2. You may have reached your limit on verification codes or texts or calls. Try waiting a few minutes and if this doesn’t work restart your mobile device. If this doesn’t solve the problem you should either:
Contact the IS Helpline (if you're a member of staff)
Contact EdHelp via the Self Service Portal (if you're a student) - log in required
You may encounter difficulties with the MFA process if you are travelling, or if you are based outside the UK.
If you have chosen to verify your details by receiving verification codes by calls or texts to a mobile device, you should be aware that this relies on your phone signal. If you are likely to have a poor phone signal due to travelling, it may be better to set up the Microsoft Authenticator app as your verification method, as this does not rely on connectivity to work.
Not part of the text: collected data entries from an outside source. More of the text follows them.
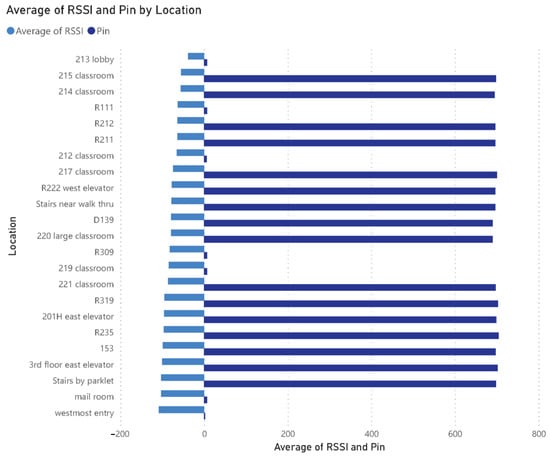Figure 13 shows a further comparison of the number of received messages by sensor signal quality. Results showed that the low signal quality may not necessarily lead to the missing of messages from the sensors. For example, the sensor placed at the “stairs by parklet” worked properly even without a high-quality signal. The sensor with a strong signal quality could also miss packets, such as the sensor in the 213 lobby, closest to the gateway. Further work should be conducted to investigate the factors besides signal quality affecting the number of events received.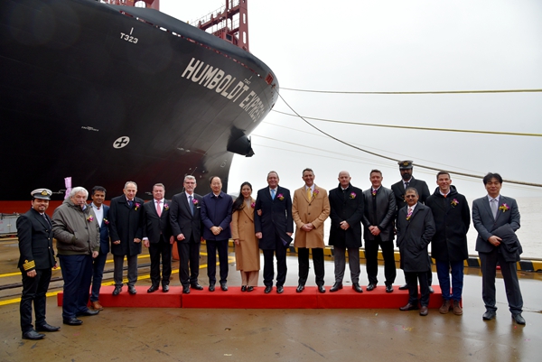 On March 4, 2024, we held naming ceremony for one 13000 TEU Container Vessel with Builder's Hull No.0213003. Our CEO Mr. Liu Haijin, Executive Deputy General Manager Mr. Zhang Yuyong, Hapag-Lloyd Hamburg - Managing Director Fleet Mr. Richard von Berlepsch, Hapag-Lloyd Hamburg - Senior Director Mr. Lutz-Michael Dyck, Anglo-Eastern Univan Group - CEO Mr. Bjorn Hojgaard, Anglo Eastern Technical Services Ltd. - MD Mr. Arunava Sengupta, Chartworld Shipping Corporation - New Building Manager Mr. Spyros Papandreou, BV Senior Vice President, Chief Executive; Marine & Offshore North Asia and China Mr. Alex Gregg-Smith, BV New Construction Dept. Manager in China - Mr. Christophe Vaes and other VIP guests attended this ceremony. Godmother Mrs. Brenda Hojgaard named the vessel for "HUMBOLDT EXPRESS".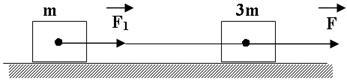 : Определить величину силы F, действующей на тело массой 3m, если на тело массой m, связанное с ним нитью действует сила натяжения F1 =30Н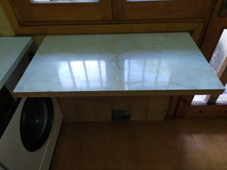 Encimera de cocina abatible con un diseño práctico y funcional. Perfecta para optimizar el espacio. Está bien anclada y por su solidez sirve de mesa. Medidas 181cm de ancho x 50cm de fondo x 3 cm de grosor. Una vez abatida tiene una profundidad de 9 cm. Se recoge en Collado Villalba. 4 soportes para permitir el plegado. - Acabado mármol. - Mecanismo abatible para fácil almacenamiento.

You should set up the Authenticator app before travelling, and you should also check guidance beforehand as some countries have additional restrictions and conditions of use - for example:
Microsoft Authenticator for Android in the public cloud in China (External site link - to Microsoft)
Microsoft also provides instructions on installing the Authenticator app,
Download and install the Microsoft Authenticator app (External site link - to Microsoft)
If you have set up MFA to verify by entering a code received in a text or phone call you may encounter one of these scenarios:
1. I didn't enter the code in time and now it won't work
The codes sent are programmed to expire after a few minutes, therefore you should enter these as soon as possible for the verification to succeed. If you are delayed in entering the code, and it has expired, you should close the Microsoft application you are using and re-open it. This will prompt a new code to be sent by Microsoft and you should enter this new code as soon as possible to verify your details.
2. Nothing happens when I enter the code
If the process doesn't progress when you enter the code to verify it may have timed out for security reasons. If this happens, you should close the Microsoft application you are using and re-open it. You should then be prompted to restart the process.
If you receive an MFA request that appears unusual or when you're not trying to actually connect to a University MFA-secured service (e.g. Azure Virtual Desktop or, for some users, Office 365), DO NOT authenticate it and instead immediately contact the IS Helpline sending them a screenshot of the request. They will investigate the matter.